Segment Start: Records for the exercise
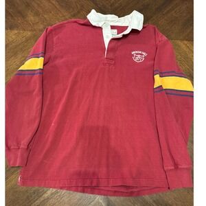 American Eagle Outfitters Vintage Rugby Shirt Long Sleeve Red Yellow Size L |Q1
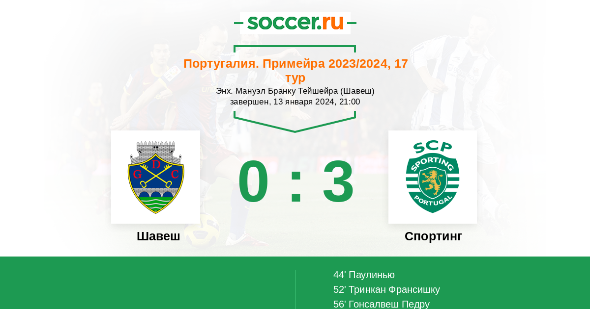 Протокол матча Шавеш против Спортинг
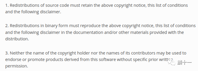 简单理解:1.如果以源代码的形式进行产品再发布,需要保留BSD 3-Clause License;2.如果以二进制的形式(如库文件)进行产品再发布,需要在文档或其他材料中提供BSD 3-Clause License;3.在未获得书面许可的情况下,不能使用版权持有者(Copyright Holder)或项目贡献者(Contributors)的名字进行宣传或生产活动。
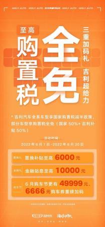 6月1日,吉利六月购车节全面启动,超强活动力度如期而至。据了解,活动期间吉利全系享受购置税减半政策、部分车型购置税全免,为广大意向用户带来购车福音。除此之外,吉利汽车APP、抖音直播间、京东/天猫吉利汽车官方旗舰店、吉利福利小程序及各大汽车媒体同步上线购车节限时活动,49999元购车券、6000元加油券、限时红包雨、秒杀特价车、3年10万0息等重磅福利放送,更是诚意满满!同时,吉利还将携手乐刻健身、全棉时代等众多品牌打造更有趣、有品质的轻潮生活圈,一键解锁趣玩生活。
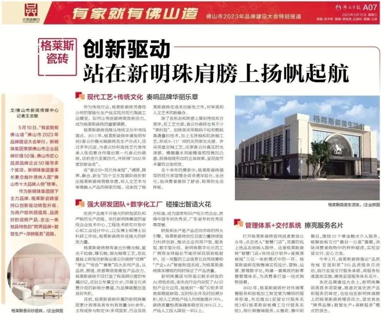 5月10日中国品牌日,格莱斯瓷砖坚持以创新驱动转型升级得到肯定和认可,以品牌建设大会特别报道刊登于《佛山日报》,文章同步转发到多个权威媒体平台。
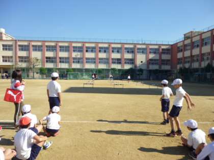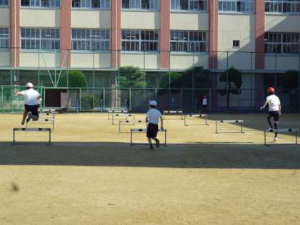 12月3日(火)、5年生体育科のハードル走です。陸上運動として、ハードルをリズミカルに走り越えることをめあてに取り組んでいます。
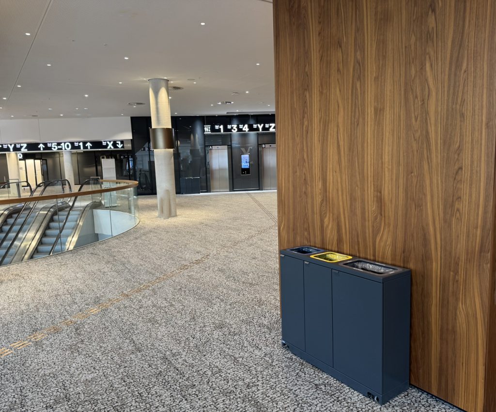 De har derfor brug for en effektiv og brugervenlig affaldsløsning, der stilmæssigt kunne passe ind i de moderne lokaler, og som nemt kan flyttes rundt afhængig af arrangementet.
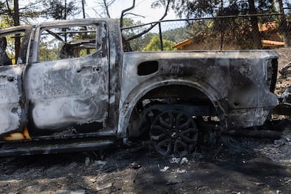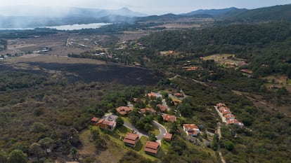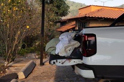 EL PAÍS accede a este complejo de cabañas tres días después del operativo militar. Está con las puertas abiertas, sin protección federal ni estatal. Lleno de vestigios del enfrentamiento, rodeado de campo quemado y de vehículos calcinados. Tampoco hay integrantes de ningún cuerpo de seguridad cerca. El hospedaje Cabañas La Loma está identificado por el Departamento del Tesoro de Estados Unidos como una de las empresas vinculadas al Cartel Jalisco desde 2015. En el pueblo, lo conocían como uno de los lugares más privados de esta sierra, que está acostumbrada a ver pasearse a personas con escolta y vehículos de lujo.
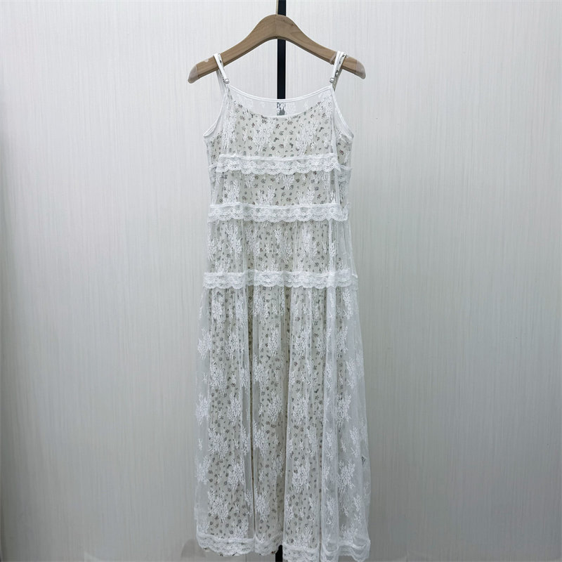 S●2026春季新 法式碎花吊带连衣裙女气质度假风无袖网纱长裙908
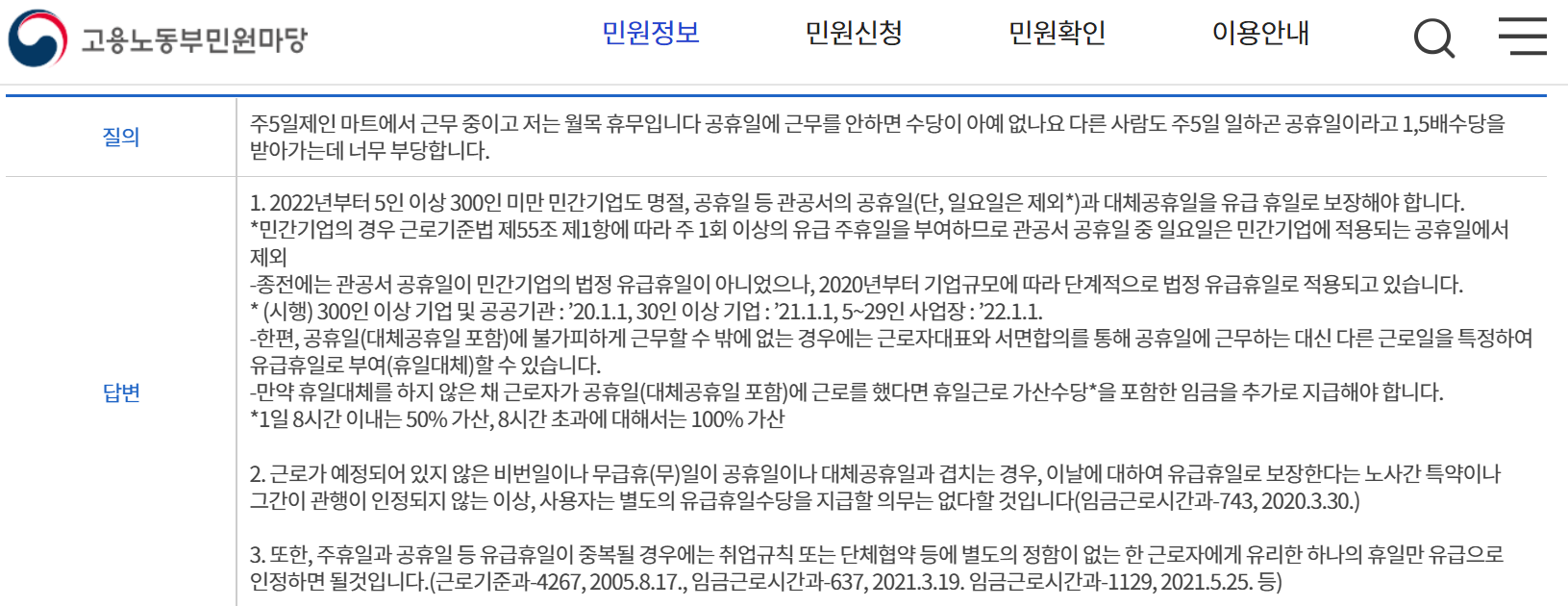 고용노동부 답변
Segment End: Records for the exercise
Segment Start: Records for the exercise
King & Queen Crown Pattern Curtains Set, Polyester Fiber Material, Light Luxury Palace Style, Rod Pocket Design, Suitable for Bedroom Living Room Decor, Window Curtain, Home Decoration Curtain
Segment End: Records for the exercise
▸ **Required action**:
Pictures are to be left out. Write out only the lines above starting at the one with "6月1日,吉利六月购车节全面" and ending at the one with "De har derfor", both lines included, exactly.

▸ **Answer space**:
 6月1日,吉利六月购车节全面启动,超强活动力度如期而至。据了解,活动期间吉利全系享受购置税减半政策、部分车型购置税全免,为广大意向用户带来购车福音。除此之外,吉利汽车APP、抖音直播间、京东/天猫吉利汽车官方旗舰店、吉利福利小程序及各大汽车媒体同步上线购车节限时活动,49999元购车券、6000元加油券、限时红包雨、秒杀特价车、3年10万0息等重磅福利放送,更是诚意满满!同时,吉利还将携手乐刻健身、全棉时代等众多品牌打造更有趣、有品质的轻潮生活圈,一键解锁趣玩生活。
 5月10日中国品牌日,格莱斯瓷砖坚持以创新驱动转型升级得到肯定和认可,以品牌建设大会特别报道刊登于《佛山日报》,文章同步转发到多个权威媒体平台。
 12月3日(火)、5年生体育科のハードル走です。陸上運動として、ハードルをリズミカルに走り越えることをめあてに取り組んでいます。
 De har derfor brug for en effektiv og brugervenlig affaldsløsning, der stilmæssigt kunne passe ind i de moderne lokaler, og som nemt kan flyttes rundt afhængig af arrangementet.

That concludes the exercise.